Endocrine Flashcards
What is the role of endocrine glands?
To release chemical messengers directly into the bloodstream
Three different types of chemical hormones
o Peptide hormones
o Amino acid derived hormones
o Steroid hormones
Effectiveness of a hormone depends on whether the hormone is (2)
FREE and BIOLOGICALLY AVAILABLE
What do we mean when we say that a hormone needs to be “free”?
We mean “not bound to a plasma protein.” (which lipid soluble vitamins need to do to travel in the blood
What do we mean when we say that a hormone needs to be “biologically available”?
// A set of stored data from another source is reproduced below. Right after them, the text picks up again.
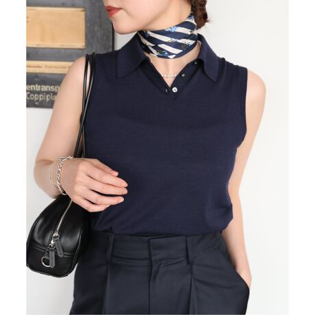 シルクの上品な光沢と、コットンの扱いやすさを兼ね備えたポロノースリーブニット。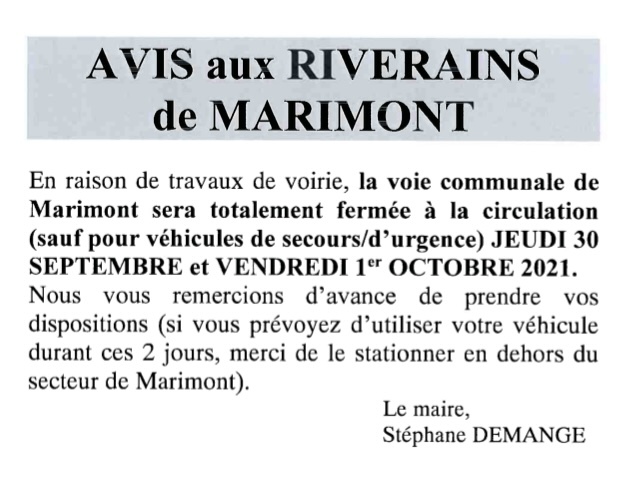 En raison de travaux de voirie, la route de Marimont sera fermée à la circulation les 30 Septembre et 1er Octobre 2021.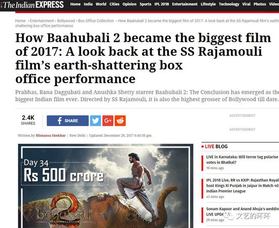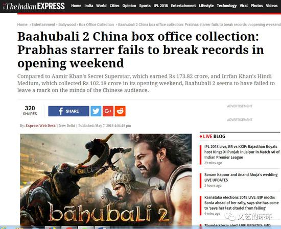 这是《印度快报》报道的标题:“《巴霍巴利王2》中国票房表现:Prabhas(影片男主)的片子没能打破首周末记录”,然后对比《神秘巨星》和《起跑线》,哼!差得远呢。

- Activation may occur in bloodstream, eg angiotensinogen → interacts with rennin to become angiotensin I → ACE
- Activation may be carried out by the liver
What is hormonal regulation? Depends on…
o Rate of absorption of hormone (drain)
o Rate of elimination of hormone (faucet)
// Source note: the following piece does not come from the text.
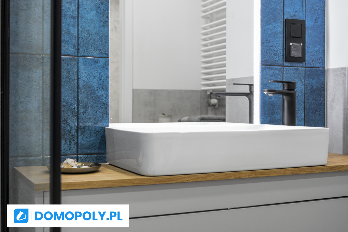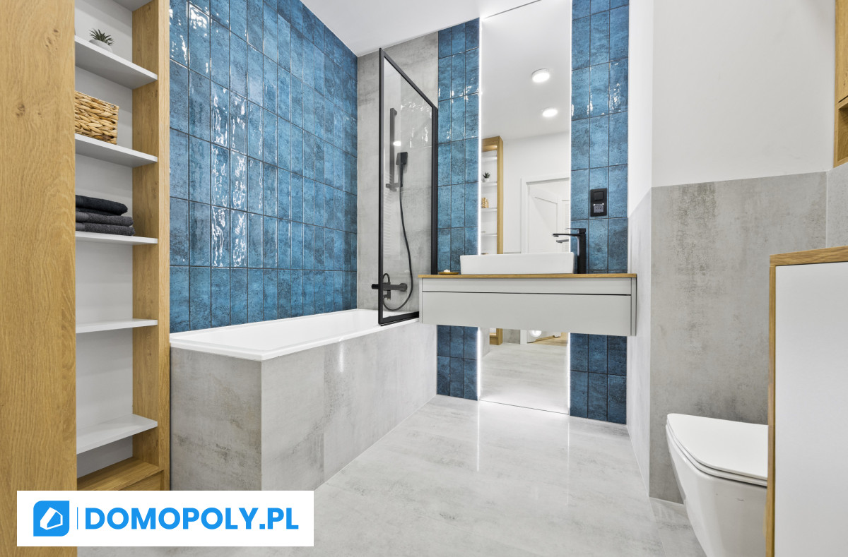 - Duża łazienka wykończona w pięknej niebieskiej kolorystyce z wanną i prysznicem. Łazienka oczywiście wyposażona w pralko-suszarkę.

How does hormonal feedback regulation work?
Negative feedback system to original gland
What is the role of specific hormone binding proteins?
o Help facilitate the hormone’s tendency toward creating long term actions (extends half-life)
Two locations of hormone receptors
o Surface receptors on the membrane (Second messenger system involved)
o In the nucleus – on the promoter region (typical of steroid hormones)
Sources of alterations in endocrine function (6)
- Hormone secretion
- Less Hormone Binding → Higher concentration of free hormone
- Altered rate of elimination: Liver or Kidney problems
- “Hormone Resistant Conditions”: Failure of target cell to respond to hormone:
- Autoimmune problem with endocrine cell = primary deficiency of that hormone
- Pituitary Gland and Alterations in Function
What may cause a hypersecretory problem (hormones) (2)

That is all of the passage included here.